Squaring the Bible with the evidence

Christians coming to terms with evolution, including many ID advocates who acknowledge common descent, will often arrive at a midpoint of sorts between denial of evolution and all-out theistic evolution (or evolutionary creation) that acknowledges that we are by-products of evolution and seeks to hold the line on the most theologically problematic aspect of evolutionary theory: the historicity of Adam and Eve. For many, this is a comfortable resting place and they remain content acknowledging the deafening scientific consensus of common descent on one hand and believing in a literal first human pair on the other.

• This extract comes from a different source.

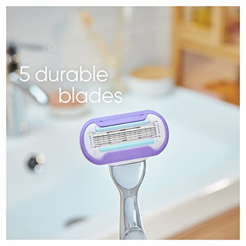- 5 شفرات للحصول على نعومة تدوم طويلًا: تتمتع ماكينات الحلاقة للنساء بخمس شفرات لتمنحك حلاقة فائقة النعومة تدوم طويلا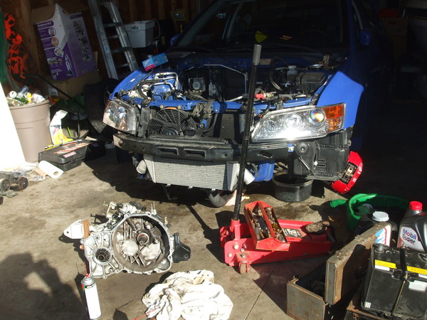 Got a lot done today! motor and tranny are in the car and going to pick up the remainder of the gaskets from mitsu tomorrow. Still a lot to do but the hard part it over.

This is often done by positing a bottleneck of the population down to two individuals, often misunderstanding the unfortunately ambiguous terms Mitochondrial Eve and Y-chromosomal Adam. The more sophisticated (but odd) way of doing this is to allow there to have been more than two at the time of Adam and Eve, but to posit that the Fall event occurred to them uniquely, and that the effects have passed down to later humanity through descent from them.

From Denis Venema and Darrel Falk at BioLogos comes a handy explanation of the relevant genomic evidence.

Attempting to square the Genesis account and common ancestry by positing a literal Adam and Eve who were the progenitors of the entire human race is, biologically speaking, looking for the most extreme population bottleneck a sexually reproducing species can experience: a reduction to one breeding pair.

Is there evidence that such a bottleneck has ever occurred?

The short answer is no, and that there is much evidence against it.

This leaves those seeking to maintain both common descent and theological concordism advocating one of the following positions (as best I can tell):

  1. defining the pair as a literary representation of the entire human population at the time of an historical Fall (as C.S. Lewis did)
  2. defining the Fall as something not passed down genetically, but as a metaphor for something that happened within a group of our race’s representatives (possibly even a literal pair)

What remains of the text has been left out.